[Extracted records — start]
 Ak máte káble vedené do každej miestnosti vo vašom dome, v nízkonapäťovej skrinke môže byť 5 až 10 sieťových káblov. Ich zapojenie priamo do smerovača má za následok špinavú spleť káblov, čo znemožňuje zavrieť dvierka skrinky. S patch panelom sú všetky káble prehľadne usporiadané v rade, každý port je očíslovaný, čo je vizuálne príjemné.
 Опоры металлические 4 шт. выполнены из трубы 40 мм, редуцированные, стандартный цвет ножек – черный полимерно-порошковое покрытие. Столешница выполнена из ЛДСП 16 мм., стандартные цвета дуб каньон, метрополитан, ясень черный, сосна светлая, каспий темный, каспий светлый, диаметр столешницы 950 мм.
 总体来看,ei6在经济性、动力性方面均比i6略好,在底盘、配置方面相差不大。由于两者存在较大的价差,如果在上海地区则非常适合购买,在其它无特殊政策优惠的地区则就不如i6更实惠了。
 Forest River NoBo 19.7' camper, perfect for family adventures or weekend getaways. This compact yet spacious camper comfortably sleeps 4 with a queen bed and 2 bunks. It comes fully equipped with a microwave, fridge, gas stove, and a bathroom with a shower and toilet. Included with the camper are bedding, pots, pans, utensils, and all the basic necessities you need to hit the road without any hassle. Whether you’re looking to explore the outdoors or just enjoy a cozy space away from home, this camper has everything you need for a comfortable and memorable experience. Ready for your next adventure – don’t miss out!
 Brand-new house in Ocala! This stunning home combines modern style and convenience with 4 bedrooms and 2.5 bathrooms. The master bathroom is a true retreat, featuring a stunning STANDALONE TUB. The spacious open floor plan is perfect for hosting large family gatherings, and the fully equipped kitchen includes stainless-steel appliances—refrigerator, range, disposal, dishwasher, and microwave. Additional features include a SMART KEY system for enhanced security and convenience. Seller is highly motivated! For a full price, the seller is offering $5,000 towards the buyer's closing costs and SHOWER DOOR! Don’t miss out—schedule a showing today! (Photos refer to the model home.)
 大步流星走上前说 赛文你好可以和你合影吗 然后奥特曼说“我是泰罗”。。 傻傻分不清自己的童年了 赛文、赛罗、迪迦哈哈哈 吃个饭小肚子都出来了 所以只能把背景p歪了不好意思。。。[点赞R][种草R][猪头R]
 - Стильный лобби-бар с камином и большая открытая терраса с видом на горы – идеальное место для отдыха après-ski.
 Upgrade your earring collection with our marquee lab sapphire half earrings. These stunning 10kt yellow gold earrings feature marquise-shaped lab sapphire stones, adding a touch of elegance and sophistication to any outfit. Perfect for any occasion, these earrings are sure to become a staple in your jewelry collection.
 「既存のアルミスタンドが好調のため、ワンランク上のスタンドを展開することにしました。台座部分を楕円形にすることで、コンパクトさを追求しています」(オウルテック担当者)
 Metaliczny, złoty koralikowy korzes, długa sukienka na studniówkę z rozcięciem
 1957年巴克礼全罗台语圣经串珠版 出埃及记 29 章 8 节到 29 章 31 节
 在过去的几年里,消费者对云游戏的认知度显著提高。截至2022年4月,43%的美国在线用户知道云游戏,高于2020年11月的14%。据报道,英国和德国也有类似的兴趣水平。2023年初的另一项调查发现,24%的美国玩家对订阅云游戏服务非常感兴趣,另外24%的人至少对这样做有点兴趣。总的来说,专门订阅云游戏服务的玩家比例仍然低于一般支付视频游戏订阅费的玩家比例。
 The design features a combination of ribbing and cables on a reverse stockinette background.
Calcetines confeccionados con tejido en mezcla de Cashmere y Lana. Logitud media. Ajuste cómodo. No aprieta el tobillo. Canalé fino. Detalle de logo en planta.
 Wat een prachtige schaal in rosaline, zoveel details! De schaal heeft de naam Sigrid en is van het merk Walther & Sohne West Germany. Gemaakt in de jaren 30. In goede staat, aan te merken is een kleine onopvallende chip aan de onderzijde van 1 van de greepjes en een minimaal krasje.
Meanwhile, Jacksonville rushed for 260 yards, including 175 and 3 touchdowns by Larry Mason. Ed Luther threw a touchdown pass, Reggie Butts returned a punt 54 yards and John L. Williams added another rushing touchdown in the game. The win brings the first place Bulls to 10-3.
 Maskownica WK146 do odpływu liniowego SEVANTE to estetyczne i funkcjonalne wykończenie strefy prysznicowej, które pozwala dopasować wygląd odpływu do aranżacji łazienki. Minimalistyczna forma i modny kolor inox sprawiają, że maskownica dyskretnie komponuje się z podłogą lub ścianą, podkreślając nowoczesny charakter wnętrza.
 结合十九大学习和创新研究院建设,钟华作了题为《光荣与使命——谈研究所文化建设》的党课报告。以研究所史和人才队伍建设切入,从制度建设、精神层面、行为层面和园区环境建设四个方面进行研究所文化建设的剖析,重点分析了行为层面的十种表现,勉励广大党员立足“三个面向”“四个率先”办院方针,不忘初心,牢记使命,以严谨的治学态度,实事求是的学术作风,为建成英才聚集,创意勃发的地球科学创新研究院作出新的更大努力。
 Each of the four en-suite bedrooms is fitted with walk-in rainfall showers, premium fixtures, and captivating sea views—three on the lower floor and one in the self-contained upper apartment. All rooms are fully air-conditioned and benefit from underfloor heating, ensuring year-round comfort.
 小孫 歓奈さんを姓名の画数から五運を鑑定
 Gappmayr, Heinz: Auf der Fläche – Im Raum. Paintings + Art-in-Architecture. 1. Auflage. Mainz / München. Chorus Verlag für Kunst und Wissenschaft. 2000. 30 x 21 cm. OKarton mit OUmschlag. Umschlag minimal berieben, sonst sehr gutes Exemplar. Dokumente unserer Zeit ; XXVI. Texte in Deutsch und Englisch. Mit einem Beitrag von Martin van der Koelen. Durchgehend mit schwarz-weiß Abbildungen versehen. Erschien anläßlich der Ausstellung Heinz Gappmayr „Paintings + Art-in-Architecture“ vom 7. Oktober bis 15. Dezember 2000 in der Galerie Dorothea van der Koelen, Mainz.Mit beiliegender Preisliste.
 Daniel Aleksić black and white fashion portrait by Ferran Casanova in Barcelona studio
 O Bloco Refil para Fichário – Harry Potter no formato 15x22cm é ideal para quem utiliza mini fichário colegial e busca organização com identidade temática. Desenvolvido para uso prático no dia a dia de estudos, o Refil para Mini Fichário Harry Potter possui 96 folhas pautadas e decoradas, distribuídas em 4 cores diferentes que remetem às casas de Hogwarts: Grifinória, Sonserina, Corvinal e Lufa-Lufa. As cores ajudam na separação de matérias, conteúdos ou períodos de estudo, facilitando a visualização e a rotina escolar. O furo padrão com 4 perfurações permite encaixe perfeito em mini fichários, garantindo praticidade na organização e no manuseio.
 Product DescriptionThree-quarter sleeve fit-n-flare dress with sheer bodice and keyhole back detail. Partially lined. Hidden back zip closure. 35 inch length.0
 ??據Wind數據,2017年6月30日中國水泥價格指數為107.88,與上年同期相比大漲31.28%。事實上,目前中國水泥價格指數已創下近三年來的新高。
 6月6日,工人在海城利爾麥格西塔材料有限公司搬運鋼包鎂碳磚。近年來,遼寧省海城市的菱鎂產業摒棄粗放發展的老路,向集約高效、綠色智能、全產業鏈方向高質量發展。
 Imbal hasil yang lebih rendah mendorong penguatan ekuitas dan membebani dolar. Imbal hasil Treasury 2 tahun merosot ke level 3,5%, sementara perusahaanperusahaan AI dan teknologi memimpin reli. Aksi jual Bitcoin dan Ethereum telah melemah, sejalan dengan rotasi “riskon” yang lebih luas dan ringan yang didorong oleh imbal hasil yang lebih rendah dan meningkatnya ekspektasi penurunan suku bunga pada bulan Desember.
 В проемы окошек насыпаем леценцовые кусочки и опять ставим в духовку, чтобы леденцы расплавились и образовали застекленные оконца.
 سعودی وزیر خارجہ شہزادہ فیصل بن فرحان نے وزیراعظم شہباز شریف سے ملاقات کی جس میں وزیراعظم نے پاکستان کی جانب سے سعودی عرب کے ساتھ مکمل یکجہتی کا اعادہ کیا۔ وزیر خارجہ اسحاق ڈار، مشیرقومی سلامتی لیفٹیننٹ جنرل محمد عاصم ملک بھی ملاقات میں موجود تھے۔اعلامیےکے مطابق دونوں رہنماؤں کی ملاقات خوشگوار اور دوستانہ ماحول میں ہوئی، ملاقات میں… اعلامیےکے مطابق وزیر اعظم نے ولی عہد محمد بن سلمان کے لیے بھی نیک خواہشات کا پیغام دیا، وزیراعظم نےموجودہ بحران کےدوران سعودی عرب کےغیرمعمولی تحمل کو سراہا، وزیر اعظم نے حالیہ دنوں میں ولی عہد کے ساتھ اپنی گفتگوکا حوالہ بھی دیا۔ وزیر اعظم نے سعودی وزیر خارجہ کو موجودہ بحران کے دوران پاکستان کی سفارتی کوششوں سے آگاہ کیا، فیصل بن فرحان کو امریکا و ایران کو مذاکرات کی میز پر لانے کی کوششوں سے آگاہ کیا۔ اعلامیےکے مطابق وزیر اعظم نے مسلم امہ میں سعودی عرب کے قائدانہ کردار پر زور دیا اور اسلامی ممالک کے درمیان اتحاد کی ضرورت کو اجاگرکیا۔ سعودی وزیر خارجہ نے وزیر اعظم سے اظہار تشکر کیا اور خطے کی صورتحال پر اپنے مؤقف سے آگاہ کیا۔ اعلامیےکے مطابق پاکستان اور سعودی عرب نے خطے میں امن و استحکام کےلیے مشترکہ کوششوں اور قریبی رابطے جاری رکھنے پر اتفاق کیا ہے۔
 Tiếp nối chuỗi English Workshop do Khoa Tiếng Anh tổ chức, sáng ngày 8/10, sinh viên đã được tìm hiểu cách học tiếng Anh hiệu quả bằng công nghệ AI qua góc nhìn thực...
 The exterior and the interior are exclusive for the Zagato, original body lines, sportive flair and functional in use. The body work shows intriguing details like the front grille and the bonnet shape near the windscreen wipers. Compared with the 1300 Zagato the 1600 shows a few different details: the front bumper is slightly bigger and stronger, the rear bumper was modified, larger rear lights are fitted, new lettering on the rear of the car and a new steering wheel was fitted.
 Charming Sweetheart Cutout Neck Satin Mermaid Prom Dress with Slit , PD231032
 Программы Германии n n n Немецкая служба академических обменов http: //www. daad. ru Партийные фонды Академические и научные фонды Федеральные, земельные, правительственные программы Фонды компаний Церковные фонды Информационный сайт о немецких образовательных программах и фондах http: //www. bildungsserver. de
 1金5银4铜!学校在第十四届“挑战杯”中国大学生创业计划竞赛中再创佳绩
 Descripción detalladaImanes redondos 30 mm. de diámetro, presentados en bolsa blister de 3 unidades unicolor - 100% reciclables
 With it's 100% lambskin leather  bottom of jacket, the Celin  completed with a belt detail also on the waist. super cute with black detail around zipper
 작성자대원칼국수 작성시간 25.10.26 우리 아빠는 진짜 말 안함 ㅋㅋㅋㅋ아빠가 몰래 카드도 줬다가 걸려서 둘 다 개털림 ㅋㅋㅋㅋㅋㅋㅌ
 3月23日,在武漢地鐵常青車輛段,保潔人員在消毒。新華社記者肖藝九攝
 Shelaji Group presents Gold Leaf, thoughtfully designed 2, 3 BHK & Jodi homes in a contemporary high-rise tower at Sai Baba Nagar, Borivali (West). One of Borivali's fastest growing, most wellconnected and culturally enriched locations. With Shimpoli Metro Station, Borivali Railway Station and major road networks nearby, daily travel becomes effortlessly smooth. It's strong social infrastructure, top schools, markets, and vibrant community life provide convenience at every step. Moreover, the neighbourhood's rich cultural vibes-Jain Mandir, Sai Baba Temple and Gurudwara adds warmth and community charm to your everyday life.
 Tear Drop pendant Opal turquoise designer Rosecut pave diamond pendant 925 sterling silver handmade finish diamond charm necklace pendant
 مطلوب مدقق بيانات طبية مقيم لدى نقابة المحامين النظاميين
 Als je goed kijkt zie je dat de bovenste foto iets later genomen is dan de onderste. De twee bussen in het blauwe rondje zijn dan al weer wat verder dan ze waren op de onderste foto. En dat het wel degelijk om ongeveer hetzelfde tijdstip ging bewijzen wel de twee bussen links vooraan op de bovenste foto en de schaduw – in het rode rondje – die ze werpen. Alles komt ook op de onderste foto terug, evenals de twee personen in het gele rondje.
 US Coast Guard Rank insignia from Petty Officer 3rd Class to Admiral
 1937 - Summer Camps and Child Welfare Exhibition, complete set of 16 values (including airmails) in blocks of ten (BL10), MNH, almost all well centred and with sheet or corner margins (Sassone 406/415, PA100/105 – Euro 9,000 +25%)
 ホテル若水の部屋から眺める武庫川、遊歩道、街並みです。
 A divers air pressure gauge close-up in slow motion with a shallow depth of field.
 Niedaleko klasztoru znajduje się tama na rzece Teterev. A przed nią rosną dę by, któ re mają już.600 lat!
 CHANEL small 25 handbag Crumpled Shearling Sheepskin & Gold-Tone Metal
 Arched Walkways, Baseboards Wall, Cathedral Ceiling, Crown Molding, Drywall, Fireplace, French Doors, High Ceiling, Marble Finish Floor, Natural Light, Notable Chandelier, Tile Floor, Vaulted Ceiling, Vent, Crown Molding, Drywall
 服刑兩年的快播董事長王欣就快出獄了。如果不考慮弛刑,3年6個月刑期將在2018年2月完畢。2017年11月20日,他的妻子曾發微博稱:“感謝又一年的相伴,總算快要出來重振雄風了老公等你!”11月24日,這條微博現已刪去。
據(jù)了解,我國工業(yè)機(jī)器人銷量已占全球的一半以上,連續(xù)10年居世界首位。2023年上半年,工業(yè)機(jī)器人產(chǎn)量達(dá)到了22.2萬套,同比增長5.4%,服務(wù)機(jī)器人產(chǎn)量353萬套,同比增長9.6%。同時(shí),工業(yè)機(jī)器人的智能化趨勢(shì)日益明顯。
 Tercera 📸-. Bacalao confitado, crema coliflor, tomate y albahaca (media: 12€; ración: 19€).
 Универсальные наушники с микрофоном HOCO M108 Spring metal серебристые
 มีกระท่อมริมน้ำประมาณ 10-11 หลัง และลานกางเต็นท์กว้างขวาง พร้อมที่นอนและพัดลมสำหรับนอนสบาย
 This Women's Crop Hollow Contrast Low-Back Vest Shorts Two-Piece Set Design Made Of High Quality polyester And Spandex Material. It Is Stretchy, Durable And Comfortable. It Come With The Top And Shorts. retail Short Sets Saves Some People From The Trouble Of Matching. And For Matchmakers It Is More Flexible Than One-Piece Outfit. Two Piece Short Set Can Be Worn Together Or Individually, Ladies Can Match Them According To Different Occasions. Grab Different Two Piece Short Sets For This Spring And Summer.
[Extracted records — finish]
[Task details]: The word "media" appears in some lines above. Return every one of those lines.

[Your response]:
Calcetines confeccionados con tejido en mezcla de Cashmere y Lana. Logitud media. Ajuste cómodo. No aprieta el tobillo. Canalé fino. Detalle de logo en planta.
 Tercera 📸-. Bacalao confitado, crema coliflor, tomate y albahaca (media: 12€; ración: 19€).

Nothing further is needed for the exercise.